Tracing the original source of information is not always possible.

Link rot and digital decay are well-documented problems affecting online content. According to research from Pew Research Center, a quarter of web pages that existed between 2013 and 2023 are no longer accessible. A paper analysing ninety-five articles with a total of 2,424 references found that 14.7 percent of citations were unavailable.

While there are specific procedures and frameworks in place that publishers need to abide by to keep copy safe, Linacre explains, this doesn’t apply to some content online.

“A lot of the pre-print servers are not involved in these kinds of safeguarding schemes,” Linacre observes.

“And if you put anything on a website without the safeguarding, then it’s liable to digital decay. And if that has been sucked up by the AI and then it’s disappeared, then you can’t check the original link.”

The Zombie Scientific Archive

The Dead (or Zombie) Internet Theory sees the internet as a place with not much human input; it’s all bots talking to each other.

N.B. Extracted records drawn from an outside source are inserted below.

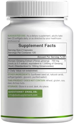 - Propósito – Las potentes cápsulas blandas de ginseng de Deal Supplement provienen de ginseng recién seleccionado a mano y obtenido desde Corea. Esto proporciona una experiencia de ginseng más verdadera y auténtica con cada porción.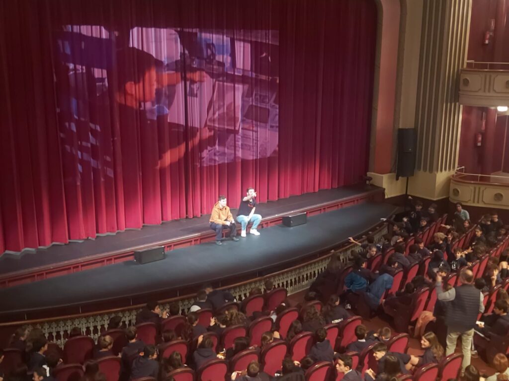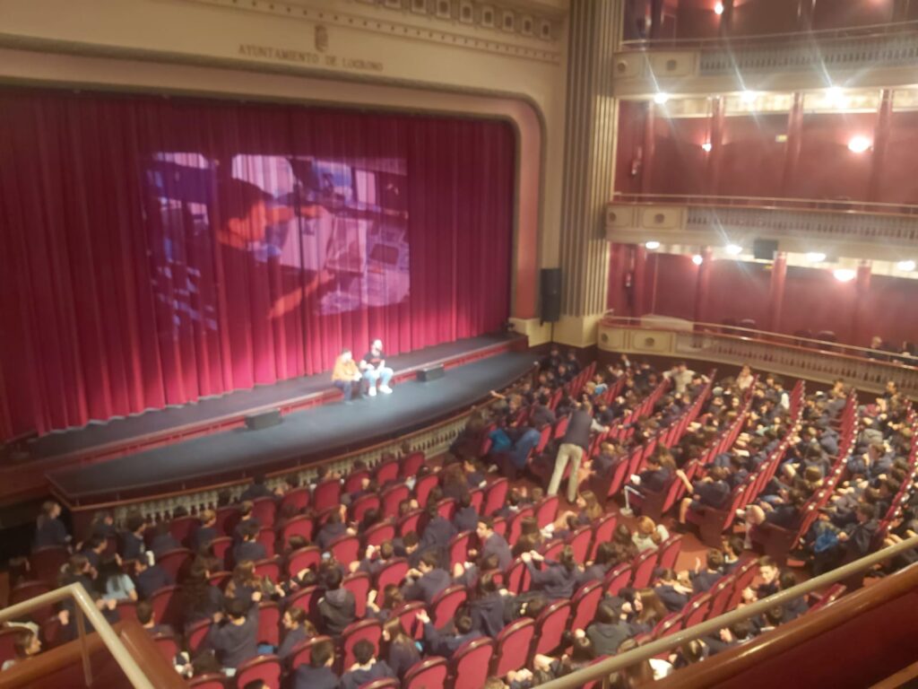 Esta mañana los estudiantes de 4° ESO han asistido a la representación de «Praga, 1941», de la Compañía de Teatro La Joven. El actor Fernando Sainz de la Maza ha interpretado muy bien a dos personajes adolescentes, Daniel, que vive en el año 2003 en Praga, y Petr Ginz, un niño muy talentoso que sufre el horror nazi en la misma ciudad, unas décadas antes, concretamente en 1941.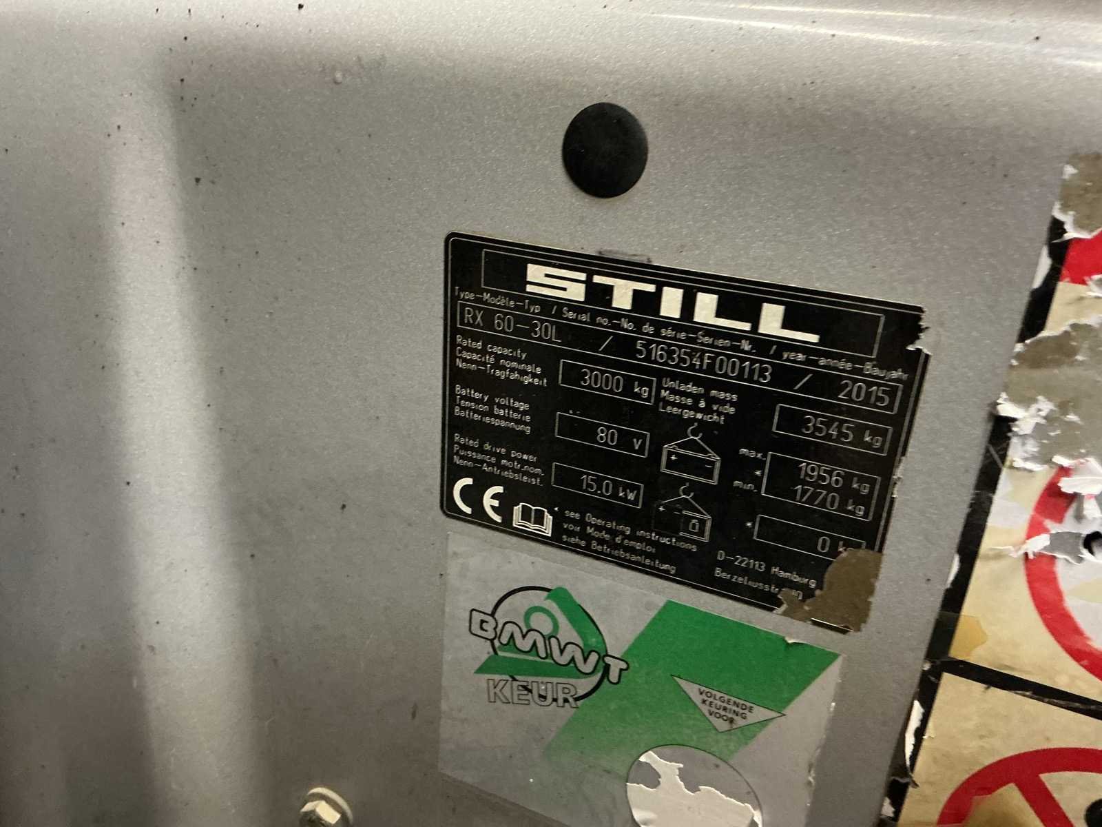 Merk: STILL Type: RX60-30 Bouwjaar: 2015 Serienummer: 516354F00113 Mast: Triplex Aantal wielen: 4 Afgelezen urenstand: 12409 Free-lift: true Side-shift: true Hefvermogen: 3000kg Lepellengte: 1200mm Hefhoogte: 5390mm Minimale doorrijhoogte: 2475mm

It’s plausible that the situation is not that far off in the most lawless parts of the unethical publishing world. In those zombified quarters, generative AI is used to write junk scientific papers based on the material it is trained on, which includes AI-generated junk science, and the cycle continues. Human intervention is possibly limited to prompts, paper mills and predatory publishers.

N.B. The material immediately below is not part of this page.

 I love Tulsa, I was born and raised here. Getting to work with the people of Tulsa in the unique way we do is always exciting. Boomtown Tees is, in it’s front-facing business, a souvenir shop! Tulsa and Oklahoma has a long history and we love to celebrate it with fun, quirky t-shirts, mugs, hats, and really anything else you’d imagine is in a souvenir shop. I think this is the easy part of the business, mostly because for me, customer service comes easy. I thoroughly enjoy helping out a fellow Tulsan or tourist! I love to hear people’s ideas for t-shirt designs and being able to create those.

While human oversight wasn’t exactly a feature of predatory publishing pre-generative AI either, the junk science in the zombie scientific archive could become, like the vegetative electron microscopy error, self-perpetuating.

Predatory publishing was already a problem before generative AI, spreading misinformation, jeopardising the reliability of the scientific archive and damaging the credibility of science in society.

Generative AI did not only magnify the scale of the problem, allowing predators to produce better-looking junk science faster, but also made finding and fixing the problem much harder.

Thankfully, there are more and more zombie hunters out there.